• _Goal of the exercise_: Give back every record exactly, with its pictures left out.

• _Stored data entries_:

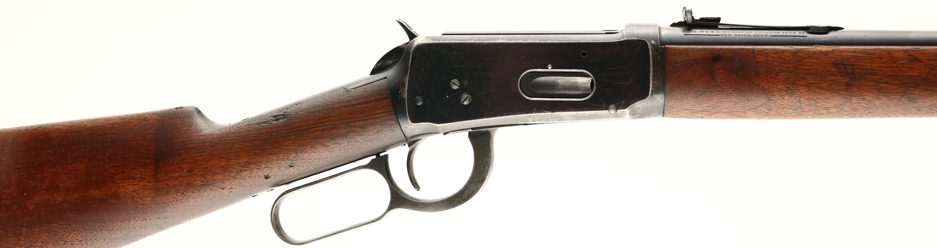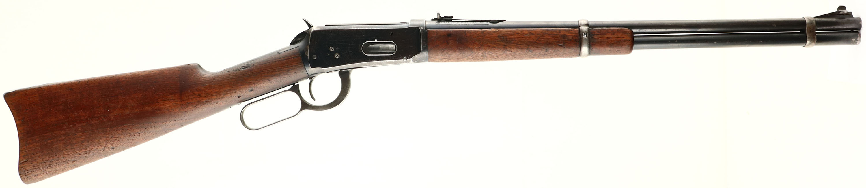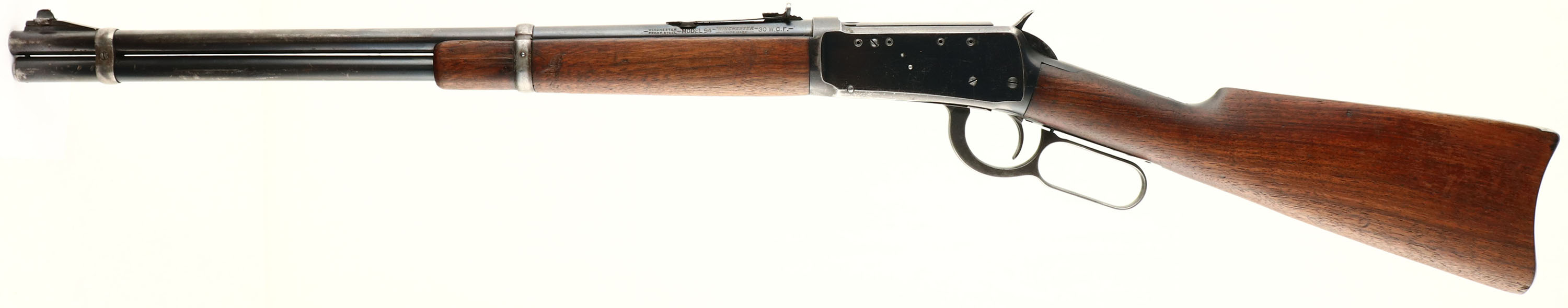 Winchester, Model 94 Eastern Carbine, marked 30 W.C.F. (30-30) Cal., MFG: 1937, SN: 1119710, Lever Action Carbine, 20'' Round barrel, Full mag., The original wood stocks are very good & solid. They several small scrapes, scratches & contusions to the thinned original finish. There is also a couple of larger gouges. The original factory blue finish rates 70% overall. Bore is excellent. The receiver carries four screw filled holes on the left of the receiver from a previous scope mounting. The barrel holds an adjustable rear & blade front sights. Carbine smooth metal buttplate. Tight smooth action. An original & very good overall example of a 94 carbine. FFL & C&R Req. - Value: 500 to 1000
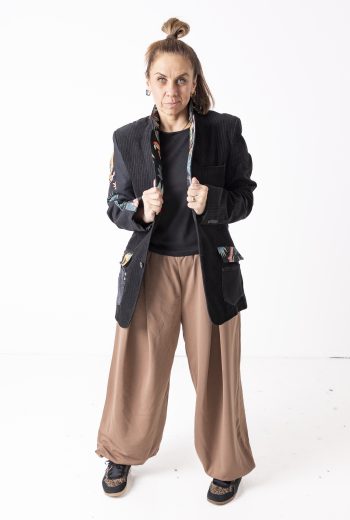 Powstała w naszej kolekcji upcyklingowej DDxUlka_ta_od_szycia — z materiałów, którym dajemy drugie życie. Do jej stworzenia wykorzystujemy nasze tkaniny pozostałe po produkcji, łącząc je z wyselekcjonowanym denimem z drugiego obiegu. Dzięki temu każdy element materiału znajduje nowe zastosowanie, a z pozornych resztek powstaje pełnoprawny, wyjątkowy projekt.
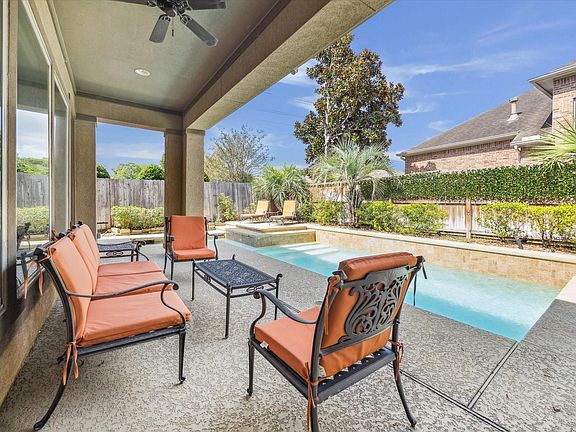 Serene pool viewsStainless steel appliancesElevated tanning deckWood-like flooringGorgeous window treatmentsCovered patioCharming kitchen
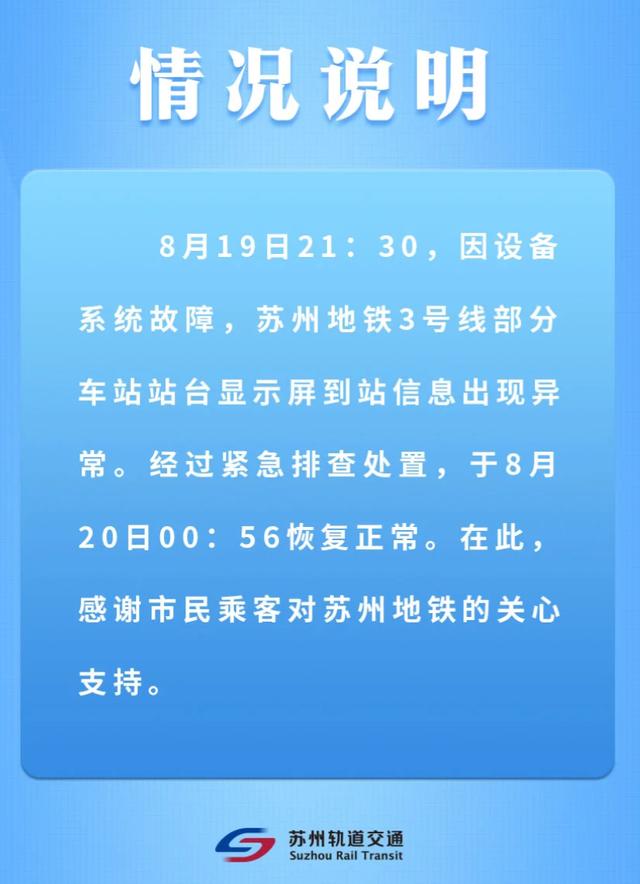 8月20日下午,苏州地铁发布了《关于3号线部分车站到站信息异常的情况说明》,称8月19日21:30,因设备系统故障,苏州地铁3号线部分车站站台显示屏到站信息出现异常。经过紧急排查处置,于8月20日00:56恢复正常。
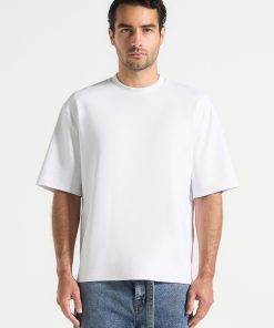 - Ribbed crew neckline for subtle shape retention
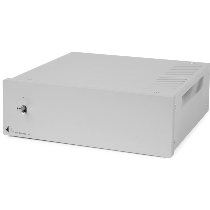 Presentada en un cuidado recinto de construcción enteramente metálica, la Power Box RS Uni 1-Way TT es una fuente de alimentación lineal compatible con todos los giradiscos Pro-Ject equipados con adaptadores de 15 V continuos, protagonizada por un transformador toroidal de grandes dimensiones diseñado específicamente para aplicaciones de audio. Una de las principales características del citado transformador es que su reserva de potencia es muy superior a la del alimentador/adaptador estándar suministrado de serie con los giradiscos Pro-Ject. Asimismo, su impedancia de salida es muy baja, a la vez que, en combinación con una capacidad de filtrado de grandes dimensiones basada en condensadores de baja resistencia serie equivalente (ESR), le permite gestionar fácilmente cualquier necesidad en materia de alimentación, con lo que ello implica, por ejemplo, en reducción del ruido de fondo y, consecuentemente, en mejora de la reproducción de los contrastes dinámicos y los microdetalles. De la Power Box RS Uni 1-Way TT hay que señalar también que incluye un sistema de arranque suave para evitar la irrupción de picos de corriente en el devanado primario del transformador, así como una circuitería de rectificación de tensión de alta precisión en el devanado secundario.
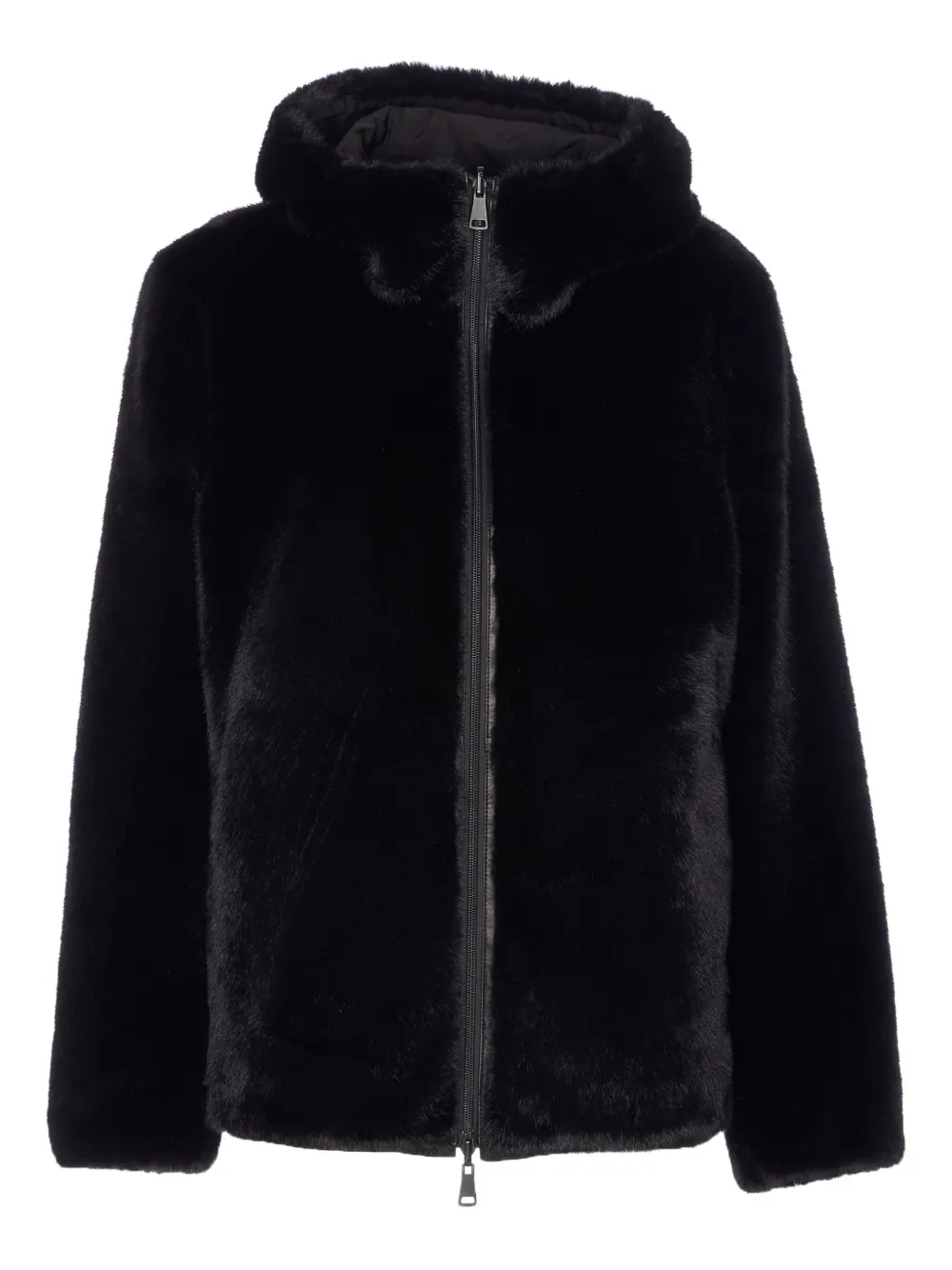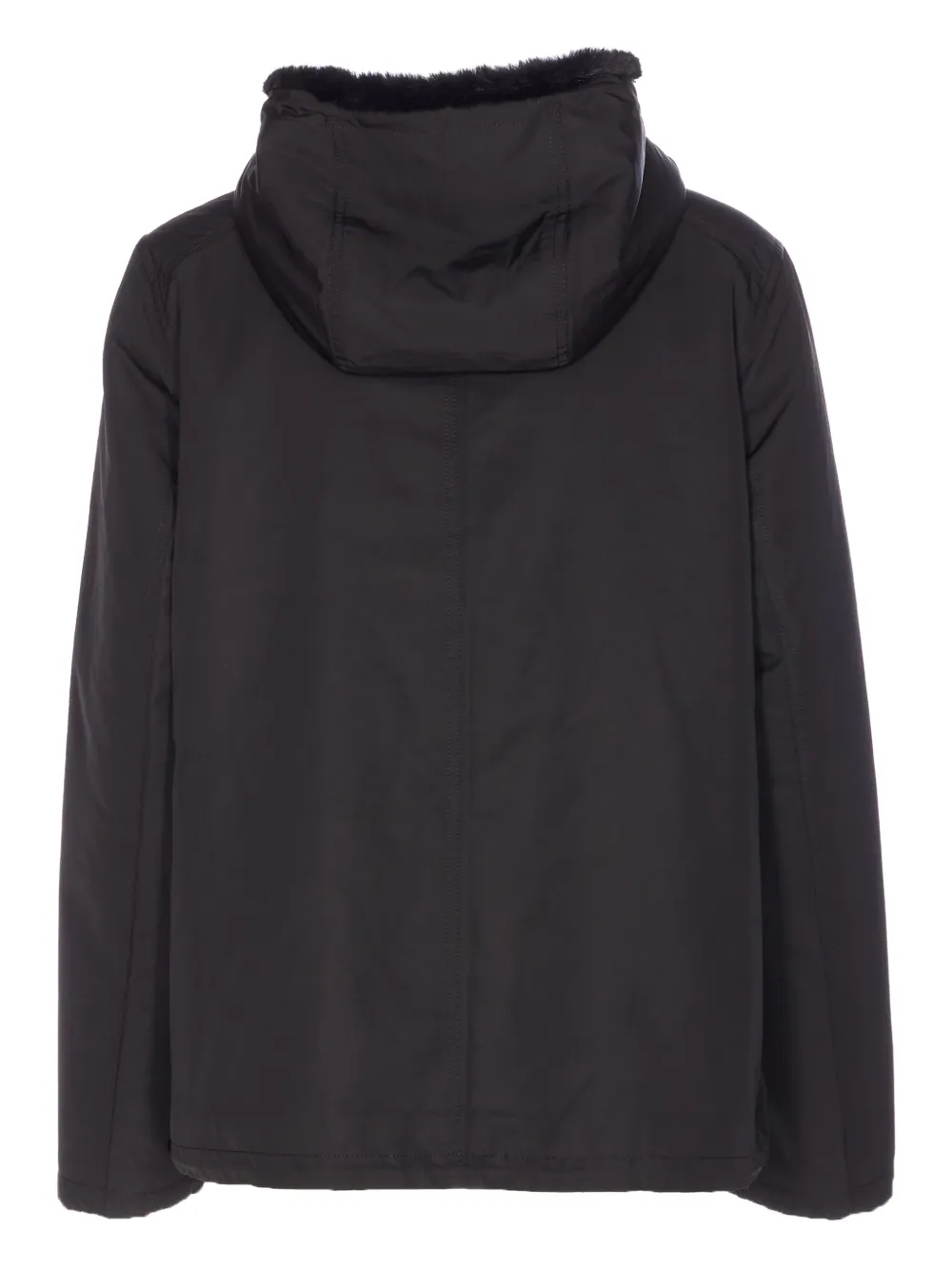 чёрная двусторонняя куртка с капюшоном, застёжкой-молнией, длинными рукавами и карманами на пуговицах
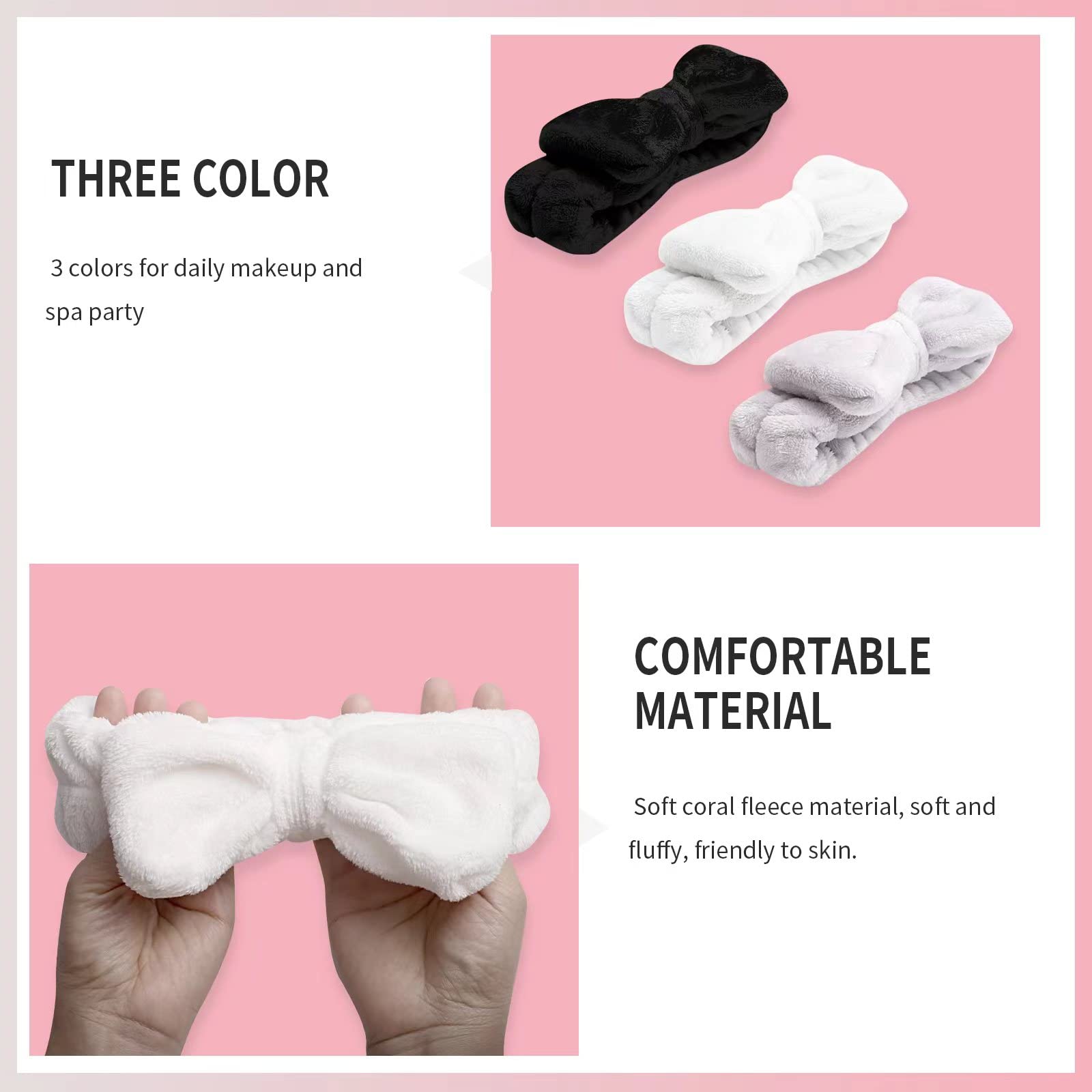 - 3Pcs Bow Hair Band: You’ll get 3pcs washing face headband with beautiful classic color- white, gray, and black. This soft hair band is the best choice for bathing and washing face, help you keep hair away out of face . A good bath and keep face clean will put you in a good mood!

• _Result for this exercise_:
 Winchester, Model 94 Eastern Carbine, marked 30 W.C.F. (30-30) Cal., MFG: 1937, SN: 1119710, Lever Action Carbine, 20'' Round barrel, Full mag., The original wood stocks are very good & solid. They several small scrapes, scratches & contusions to the thinned original finish. There is also a couple of larger gouges. The original factory blue finish rates 70% overall. Bore is excellent. The receiver carries four screw filled holes on the left of the receiver from a previous scope mounting. The barrel holds an adjustable rear & blade front sights. Carbine smooth metal buttplate. Tight smooth action. An original & very good overall example of a 94 carbine. FFL & C&R Req. - Value: 500 to 1000
 Powstała w naszej kolekcji upcyklingowej DDxUlka_ta_od_szycia — z materiałów, którym dajemy drugie życie. Do jej stworzenia wykorzystujemy nasze tkaniny pozostałe po produkcji, łącząc je z wyselekcjonowanym denimem z drugiego obiegu. Dzięki temu każdy element materiału znajduje nowe zastosowanie, a z pozornych resztek powstaje pełnoprawny, wyjątkowy projekt.
 Serene pool viewsStainless steel appliancesElevated tanning deckWood-like flooringGorgeous window treatmentsCovered patioCharming kitchen
 8月20日下午,苏州地铁发布了《关于3号线部分车站到站信息异常的情况说明》,称8月19日21:30,因设备系统故障,苏州地铁3号线部分车站站台显示屏到站信息出现异常。经过紧急排查处置,于8月20日00:56恢复正常。
 - Ribbed crew neckline for subtle shape retention
 Presentada en un cuidado recinto de construcción enteramente metálica, la Power Box RS Uni 1-Way TT es una fuente de alimentación lineal compatible con todos los giradiscos Pro-Ject equipados con adaptadores de 15 V continuos, protagonizada por un transformador toroidal de grandes dimensiones diseñado específicamente para aplicaciones de audio. Una de las principales características del citado transformador es que su reserva de potencia es muy superior a la del alimentador/adaptador estándar suministrado de serie con los giradiscos Pro-Ject. Asimismo, su impedancia de salida es muy baja, a la vez que, en combinación con una capacidad de filtrado de grandes dimensiones basada en condensadores de baja resistencia serie equivalente (ESR), le permite gestionar fácilmente cualquier necesidad en materia de alimentación, con lo que ello implica, por ejemplo, en reducción del ruido de fondo y, consecuentemente, en mejora de la reproducción de los contrastes dinámicos y los microdetalles. De la Power Box RS Uni 1-Way TT hay que señalar también que incluye un sistema de arranque suave para evitar la irrupción de picos de corriente en el devanado primario del transformador, así como una circuitería de rectificación de tensión de alta precisión en el devanado secundario.
 чёрная двусторонняя куртка с капюшоном, застёжкой-молнией, длинными рукавами и карманами на пуговицах
 - 3Pcs Bow Hair Band: You’ll get 3pcs washing face headband with beautiful classic color- white, gray, and black. This soft hair band is the best choice for bathing and washing face, help you keep hair away out of face . A good bath and keep face clean will put you in a good mood!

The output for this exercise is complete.